■ EXERCISE OBJECTIVE ■
Here the job is to transcribe the data verbatim while leaving each picture out.

■ DATASET EXTRACT ■
····················
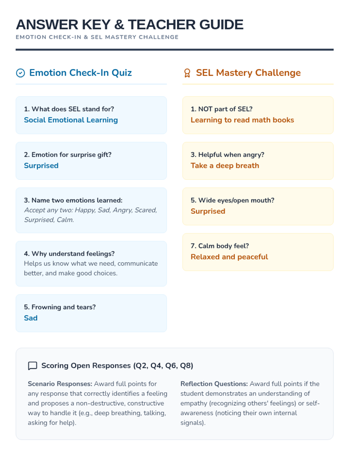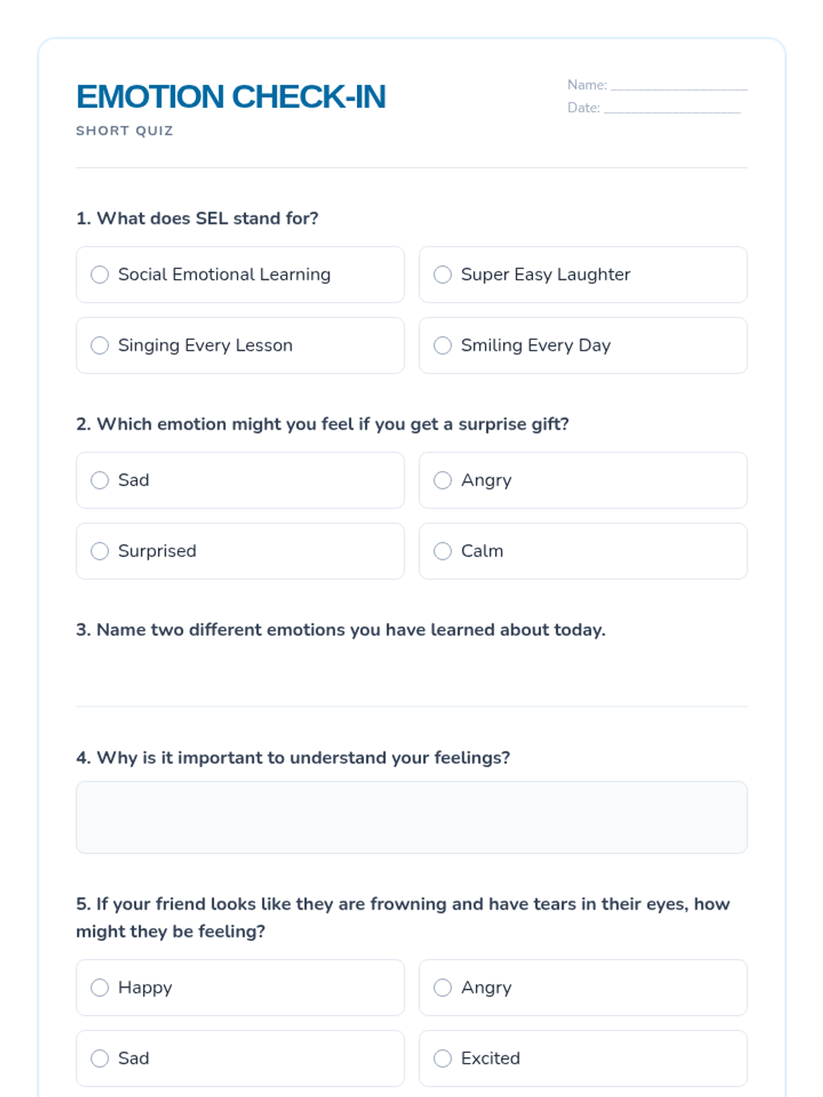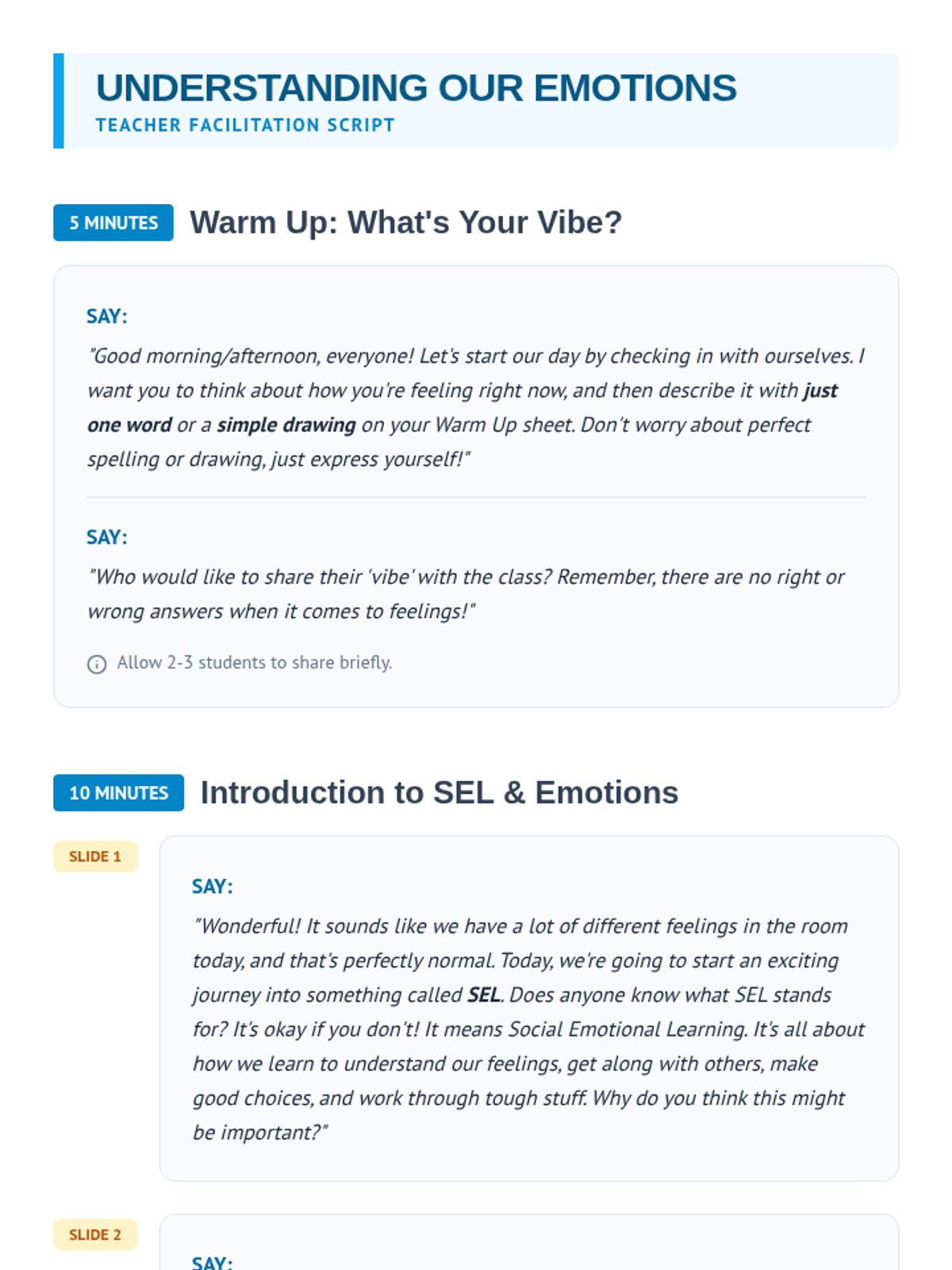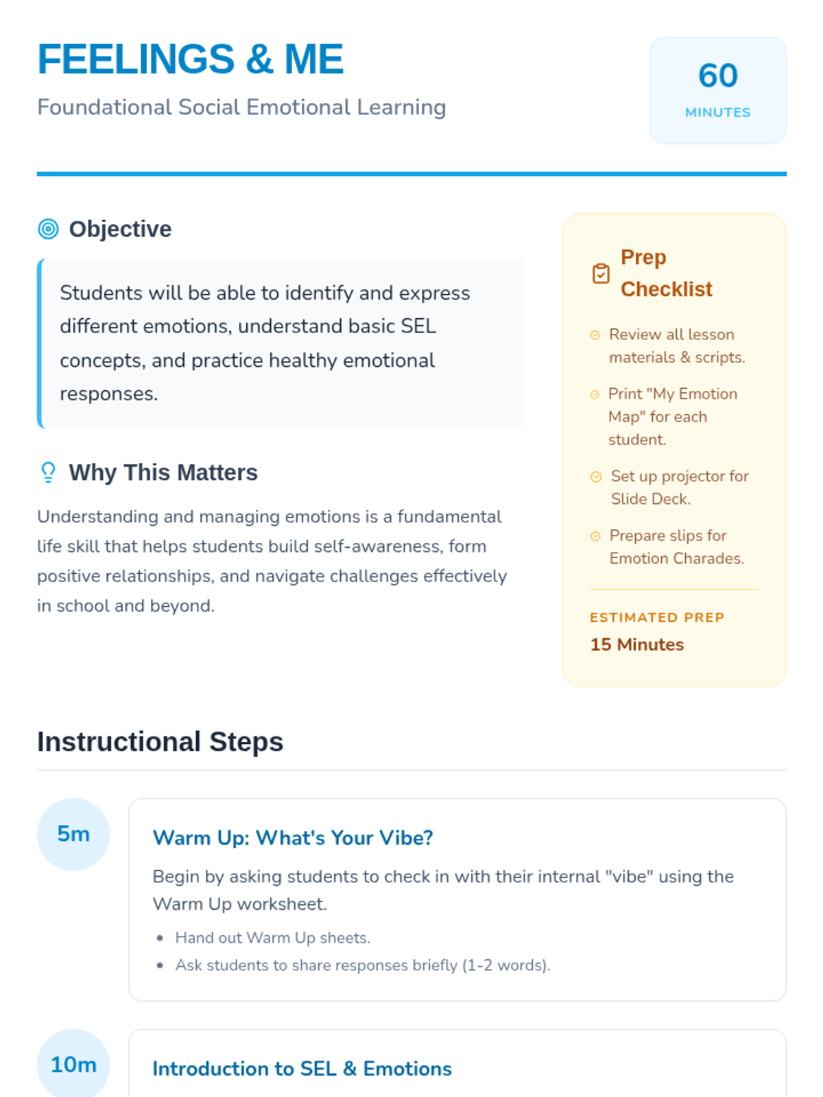 This lesson introduces P3-P4 students to Social Emotional Learning (SEL) by exploring their own emotions and how to identify them. Students will engage with activities, readings, and discussions to build a foundational understanding of SEL.
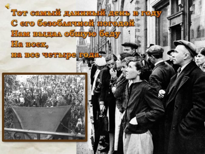 22 июня 1941 4 часа утраИюнь. Россия. Воскресенье. Рассвет в объятьях тишины. Осталось хрупкое мгновенье До первых выстрелов войны.
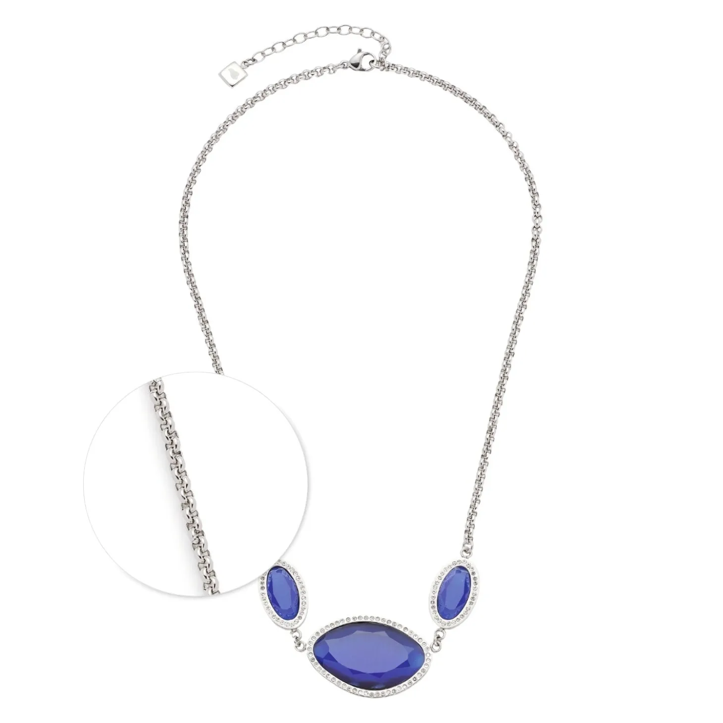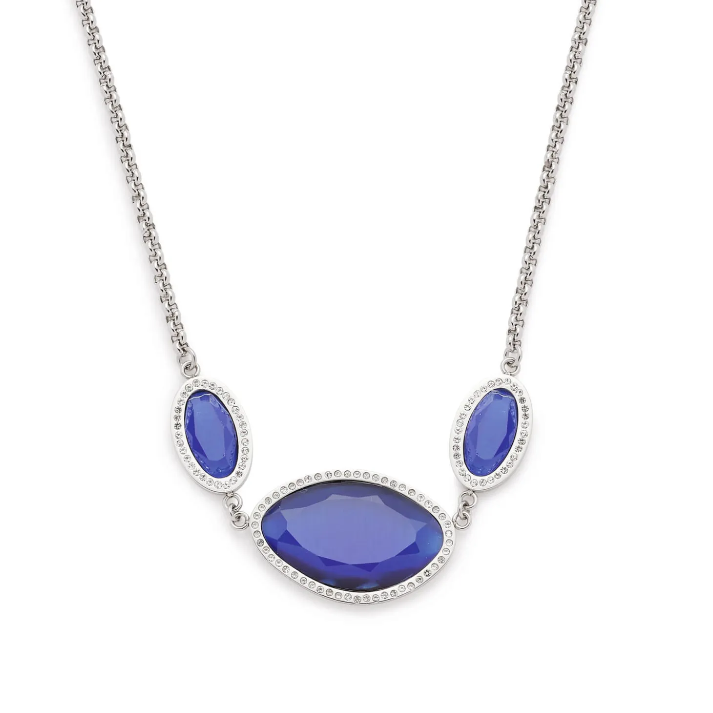 Ob für die Oper, eine Gala oder den Theaterbesuch diese Halskette ist für besondere Anlässe reserviert. Das Herzstück des Colliers bilden die nachtblauen, facettierten Cat’s Eye-Steine, welche von funkelnden Schliffkristallen eingerahmt, an einen Sternenhimmel erinnern. Besonders der organisch geformte Solitär entfaltet eine einzigartige Präsenz.
····················
■ TASK ANSWER ■
 This lesson introduces P3-P4 students to Social Emotional Learning (SEL) by exploring their own emotions and how to identify them. Students will engage with activities, readings, and discussions to build a foundational understanding of SEL.
 22 июня 1941 4 часа утраИюнь. Россия. Воскресенье. Рассвет в объятьях тишины. Осталось хрупкое мгновенье До первых выстрелов войны.
 Ob für die Oper, eine Gala oder den Theaterbesuch diese Halskette ist für besondere Anlässe reserviert. Das Herzstück des Colliers bilden die nachtblauen, facettierten Cat’s Eye-Steine, welche von funkelnden Schliffkristallen eingerahmt, an einen Sternenhimmel erinnern. Besonders der organisch geformte Solitär entfaltet eine einzigartige Präsenz.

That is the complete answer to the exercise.